For sales of Placement Shares through Wells Fargo Securities, the Company will pay Wells Fargo Securities a commission at a mutually agreed rate of 3% of the gross sales price per Placement Share. In addition, the Company has agreed to pay certain expenses incurred by Wells Fargo Securities in connection with the offering. The Company has no obligation to sell any shares under the Sales Agreement, and may at any time suspend the offering of Placement Shares under the Sales Agreement.
The Sales Agreement contains customary representations and warranties of the parties and indemnification and contribution provisions under which the Company and Wells Fargo Securities have agreed to indemnify each other against certain liabilities, including liabilities under the Securities Act. The ATM Program pursuant to the Sales Agreement will automatically terminate upon the issuance and sale of all of the Placement Shares through Wells Fargo Securities.

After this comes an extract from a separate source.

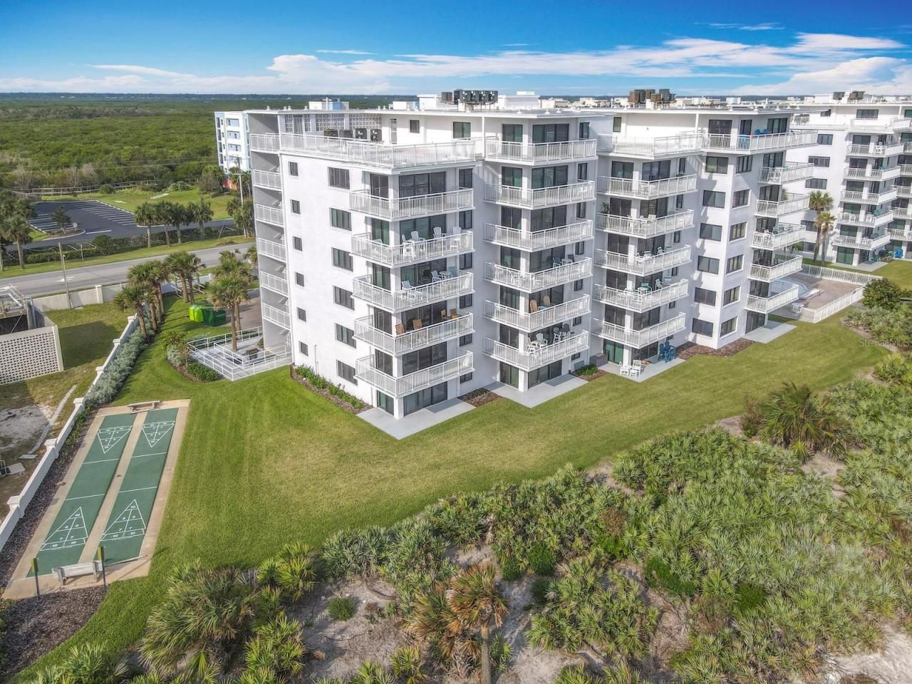 Step into this furnished two-bedroom, two-bath condo positioned on the desirable South No Drive Beach of New Smyrna Beach within Shorehom By the Sea's fully restored South Building. Enjoy sunrise views from the spacious corner balcony, a quiet, elevated vantage point over the ocean.The residence is fully furnished with coastal finishes and move-in ready, providing flexibility for personal use, seasonal enjoyment, or rental income where permitted. Recent building improvements for peace of mind and modern coastal living in a well-established beachfront community.Repositioned to meet today's market, this is an opportunity to secure a No Drive Beach condo with strong value, location, and long-term appeal.

The Placement Shares will be offered and sold pursuant to a shelf registration statement on Form S-3 (File No. 333-264470), which was initially filed with the Securities and Exchange Commission (the "SEC") on April 25, 2022 and declared effective by the SEC on May 11, 2022, and a related prospectus supplement, dated December 8, 2022.
The foregoing description of the Sales Agreement is not complete and is qualified in its entirety by reference to the full text of such agreement, a copy of which is filed herewith as Exhibit 1.1 to this Current Report on Form 8-K and is incorporated herein by reference.
The legal opinion of Gennari Aronson, LLP relating to the Placement Shares is filed as Exhibit 5.1 to this Current Report on Form 8-K.
The Sales Agent and affiliates of the Sales Agent have from time to time performed, and may in the future perform, various financial advisory, commercial banking and investment banking services for the Company and for its affiliates in the ordinary course of business for which they have received and would receive customary compensation.
This Current Report on Form 8-K shall not constitute an offer to sell or the solicitation of an offer to buy any security nor shall there be any sale of these securities in any state in which such offer, solicitation or sales would be unlawful prior to registration or qualification under the securities laws of any such state.